On a long trip, you might need to charge one extra time, the cost each time you change will be less but the total charge cost will be the same.

If you drive it to work each day and charge it at home at night the amount of energy you add to the battery will be the same even if the battery has segregated. The difference might be it drops from 100% to 56% instead of 100% to 60% during the drive there and back.

Compare it to it you would put some rocks in the fuel tank of a car with an internal combustion engine and the rocks did not disrupt the function of the car. The result would be you can fit less fuel in the tank. Filling the tank cost less but it provides a lower driving range. The total fuel cost if you drive for a long time will be the same you just need to fill it up a bit more often during long trips.

Looking at a battery percentage is confusing, look at the energy storage instead. A 100kWh battery that degrades by 10% only stores 90kWh of energy.

If the car use 20kWh/100km you range have dropped from 100/20*100 = 500 km to 90/20*100= 450 km
The cost of filling an empty battery is lower because you only add 90kWh instead of 100kWh but at the same time you can derive 50km shorter.

Think of the kWh as a volume of fuel in a car with an internal combustion engine. We do not look at a trip usein 50% of the full tank of a car we look at it as it use a specific volume of fuel. Do the same with electric car and a specific amount of energy

Anonymous 0 Comments

The capacity is lowered. To understand this you need to think about the shape of the battery. While it might look like a thin pouch or cylinder, that’s not the actual shape. The actual shape is two large sheets of thin metal with a soft chemical in between them. These are folded up or rolled up to get the familiar macro shape.

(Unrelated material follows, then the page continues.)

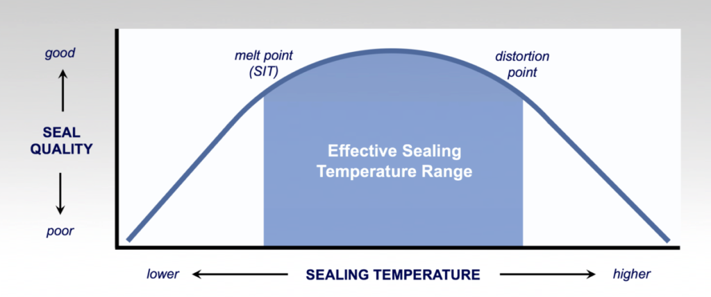 All packaging materials have an Effective Sealing Temperature Range between the Melt Point, or Seal Initiation Temperature (SIT) of the sealant layer, and the Distortion Point, where package appearance and seal quality deteriorate.

The thin metal, much thinner than aluminum foil, is easy to tear. When the foil tears, it makes a part of the sheet “disconnected” from the rest and the electrodes connecting it to your gadget. Any power stored in that part of the sheet is unavailable for use. The soft chemical can be squeezed out of position, any temperature above 95˚F/35˚C during charging makes this much more common. Without the chemical layer, the battery can short, which is another cause of rips. In the worst case scenario a short can start a fire, lithium battery fires can be spectacular and dangerous. That’s why you can’t ship these batteries in the cargo part of an airplane.

Anonymous 0 Comments

>the capacity just lowered, making me spend less electricity/money to charge?

This one.

As for how, it’s to do with the degradation of the materials in the battery. That degradation can take several forms.

The main thing to know is that in a lithium battery, the lithium ions needs to move freely. Anything that prevents that will cause loss of capacity and other unwanted effects.

The simplest one is that the lithium reacts with other molecules in the battery to form some undesired compound and is functionally lost, it cannot move freely as an ion.

Another is the degradation of the electrodes. This can also work in two ways.

One is preventing the lithium from leaving, again locking it away and making it functionally lost.

But even if it isn’t completely prevented from leaving, it can be harder to get out. You need to apply higher voltage while charging.

And the thing is, battery charging in devices is voltage limited. A battery, and the device it powers, doesn’t actually know how “full” the battery is.

Batteries never charge and discharge from 0 to 100%. More often it’s something like 10-90, or even 20-80.

There’s set voltages defined by a manufacturer where the battery is “almost full” and “yeah, full now”.

So if degradation causes the battery to require that voltage at a lower state of charge, the device just goes “huh, I guess it’s charged now”. Because it doesn’t know better.

Anonymous 0 Comments

Super simplified explanation;

Lets say you have 100 containers. You fill each of these contains with water every morning, and they’re used up by the next morning.

Now lets say one of the containers breaks, and (just for the sake of this explanation) you can’t replace that container without having to replace all the containers.

Now you can only hold 99 containers of water.

As a battery charges and discharges, it loses efficiency, tiny parts inside of the battery break down over charging cycles.